> GIVEN INFORMATION:
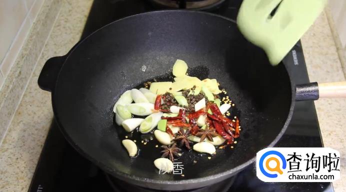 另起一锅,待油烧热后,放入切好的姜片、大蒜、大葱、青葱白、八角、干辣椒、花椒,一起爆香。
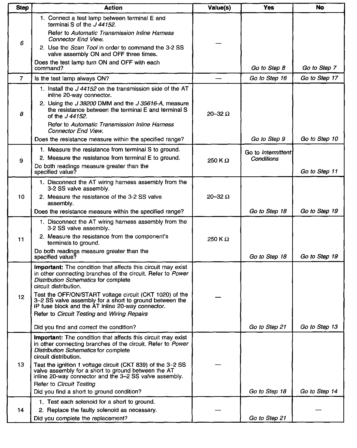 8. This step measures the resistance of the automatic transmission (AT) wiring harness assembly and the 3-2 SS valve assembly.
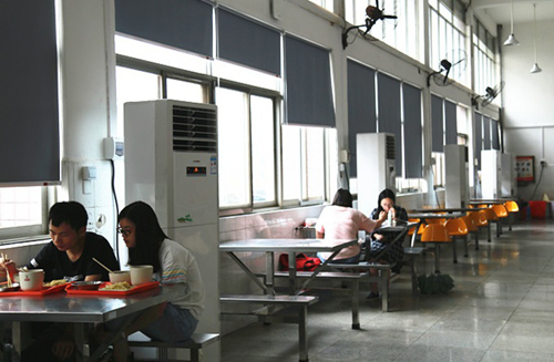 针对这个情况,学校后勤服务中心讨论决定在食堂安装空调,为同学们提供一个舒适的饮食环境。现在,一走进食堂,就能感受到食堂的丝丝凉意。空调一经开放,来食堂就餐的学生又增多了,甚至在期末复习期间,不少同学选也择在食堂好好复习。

> WHAT TO WORK ON:
Would you return the whole listing exactly, without the pictures?

> SOLUTION BELOW:
 另起一锅,待油烧热后,放入切好的姜片、大蒜、大葱、青葱白、八角、干辣椒、花椒,一起爆香。
 8. This step measures the resistance of the automatic transmission (AT) wiring harness assembly and the 3-2 SS valve assembly.
 针对这个情况,学校后勤服务中心讨论决定在食堂安装空调,为同学们提供一个舒适的饮食环境。现在,一走进食堂,就能感受到食堂的丝丝凉意。空调一经开放,来食堂就餐的学生又增多了,甚至在期末复习期间,不少同学选也择在食堂好好复习。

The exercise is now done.